Sa dame de coeur le suit. Frêle créature d'une pâleur extrême, comme née d'un pan de fumée, elle peine sous le poids d'une imposante chevelure crêpée d'un blond filasse.
Le Roi se plante au beau milieu du colisée, résidentiel, monumental, autocratique.


Ses yeux balaient lourdement la surface des choses: les maquettes, les tables, les employés, les invités.
Sa moitié tente de lui attraper le bras. Il l'écarte comme un bagage encombrant. Chancelante, elle se fait happer par un groupe de rombières en goguette.
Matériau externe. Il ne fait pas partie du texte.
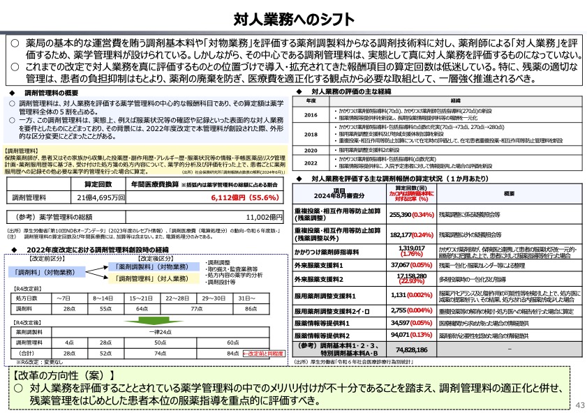 薬局の基本的な運営費を賄う調剤基本料や「対物業務」を評価する薬剤調製料からなる調剤技術料に対し、薬剤師による「対人業務」を評価するため、薬学管理料が設けられている。しかしながら、その中心である調剤管理料は、実態として真に対人業務を評価するものになっていない。
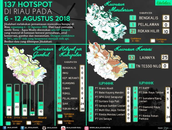Jaringan Kerja Penyelamat Hutan Riau (Jikalahari) tiap waktu—terutama kemarau—memantau titik api terutama di konsesi perusahaan baik hutan tanaman industri maupun sawit.

Le Roi se dresse alors sur la pointe des pieds. Il a repéré sa proie, il fonce droit devant. En quelques pas seulement, il rejoint le petit asiatique et le capture. L'architecte bat des bras, fait "non" de la tête.
-Je vous présente Stanislas Valke, maire de Veninsart, dit Sarah Baum dans un soupir. Je vais être obligée de vous abandonner, le travail m'appelle.
-Vous me manquez déjà, répond Outis.
La moitié gauche du visage de Sarah se fend d'un sourire câlin, la moitié droite s'occupe du maire et de ses sbires.

Dehors
Une  magnifique et très régulière gerbe d'eau croupie s'abat sur le malheureux passant.
L'homme se retourne , trempé, furieux, prêt à en découdre illico.
-Eh! oh! cavapasnon! Zétesfousouquoi !
Le blondinet ne prend pas la peine de regarder le passant. Il aide Monsieur à sortir de la voiture. Les deux hommes se dirigent vers la mairie.
-Alorsquoi? Bandes de malélevés!
Nez de boxeur jette un regard venimeux sur la figure congestionnée qui s'aplatit sur le pare-brise.
Le passant frappe à la vitre.
Nez de boxeur ouvre brusquement la portière. Le passant est projeté vers l'arrière et dégringole dans le caniveau.
 Installé au volant, Mamadou part d'un grand rire tonitruant en voyant le type dans la boue, agiter ses bras et ses jambes comme un cafard retourné sur le dos.
Nez de boxeur toise le cafard.
-Dégage!
Le passant se met difficilement à genoux puis debout. Il s'éloigne en chancelant.
Nez de boxeur retourne dans la voiture. Il soupire, actionne les essuies-glace puis, tourne la tête en direction de Mamadou. Le Burkinadé lui adresse un beau et grand sourire.
-Pourquoi tu rigoles tout le temps ? demande nez de boxeur
-Parce que... la vie est belle non, patron ?  répond Mamadou.
-Ouais.. Grogne nez de boxeur
-Alors moi, je rigole.
Nez de boxeur n'écoute plus, il fixe le bras de l'africain.
-Chouette ta montre, dit-il en dodelinant sa grosse tête.